The EMWAC WAIS Toolkit included on the CD-ROM will help you create a database of all the text at your Web site so that users can search it by keyword. The creators of HTML designed the <ISINDEX> tag with this feature in mind. The <ISINDEX> tag causes the Web server to invoke a program named waislook to search a WAIS database and return links to the pages containing the search keyword. (The WAIS database is also referred to as an index.)

Note
The European Microsoft Windows NT Academic Centre (EMWAC) has developed several excellent freeware programs for Windows NT. Programs that are written for Windows NT on the Intel platform will usually run on Windows 95 also. This is because both Windows NT and Windows 95 support the common Win32 API, which enables programs to call functions in the operating system in a consistent manner using 32-bit parameters for integers and resource handles.
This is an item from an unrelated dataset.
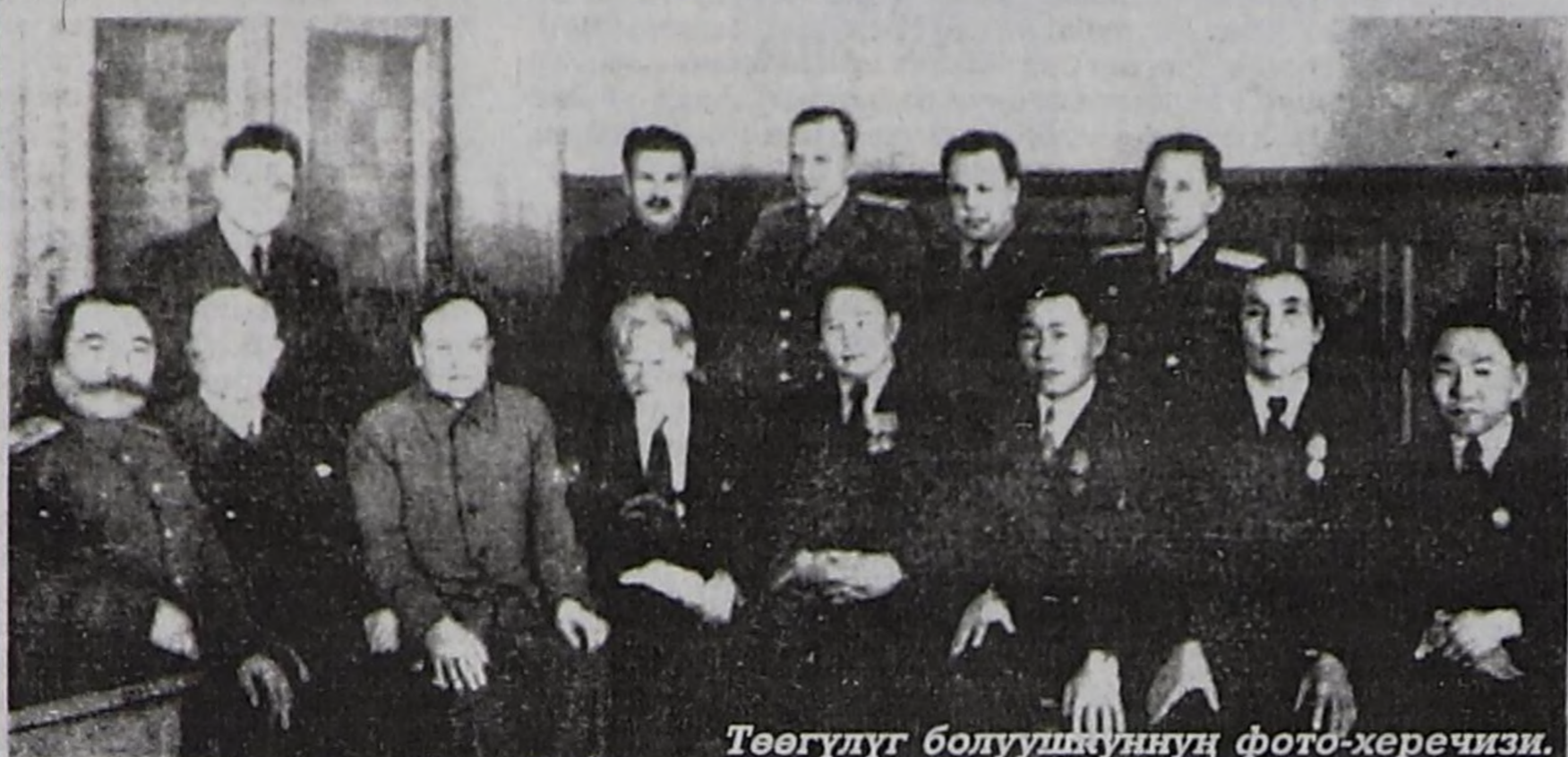
Төөгүлүг болушкуннун фото-херечизи.

1944 чылдың октябрь 11-де Тыва Арат Республика ССРЭ-нин составына РСФСР-нин автономнуг облазы кылдыр кирген. Оон бээр Тываның күрүне тургузуун, экономиказын, культуразын хөгжүдеринге делгем орук ажыттынган. Тывага үндезин чаартылгалар болган. Чаа суурлар, үлетпүр бүдүрүлгелери, колхоз-совхозтар, социал адырның албан черлери туттунган, өөрөдилге, культура, уран чүүл, спорт, эмнелге сайзыралды алган. Чурттакчы чоннун амыдыралының деңгели бедээн. Тыва автономнуг область Тыва АССР болу берген, эрге-байдалы улгаткан, тускай Конституциялыг күрүне болу берген.

Follow these steps to install the EMWAC WAIS Toolkit:

  1. The WAIS Toolkit is distributed in four versions for the different architectures that Windows NT supports. Select the appropriate WAIS ZIP file on the CD-ROM for your processor. For example, the WAIS Toolkit for Intel is contained in the file wti386.zip.
  2. Decide which directory you are going to put the tools in so you can unzip the .EXE programs directly from the CD-ROM to your hard disk using the WinZip program. Ensure that the directory you chose is on the path so that the commands may be executed from the command line.
  3. Unzip the WAIS Toolkit. This action should leave you with the following files:

  4. If you have installed a previous version of the WAIS Toolkit, remove it by deleting the old files or by moving them to another directory (which is not referred to by the PATH environment variable) for deletion after you have validated that the new version works correctly.
  5. Determine which version of the WAIS Toolkit you have by typing these commands at the DOS Prompt:
waisserv -v
waisindx -v
waislook -v

The version number for each program will be displayed. Two version numbers will be shown for waisindx and waisserv; the first refers to the version of the freeWAIS code from which the programs were ported, and the second is the number of the Win32 version. As you can see in Figure 21.2, which shows the execution of those commands on my system, I am running version 0.73 for Windows NT. If the programs report a later version number on your system, you will find an updated manual in the files you unpacked from the ZIP archive (the information in this chapter would still be expected to work with few or no changes).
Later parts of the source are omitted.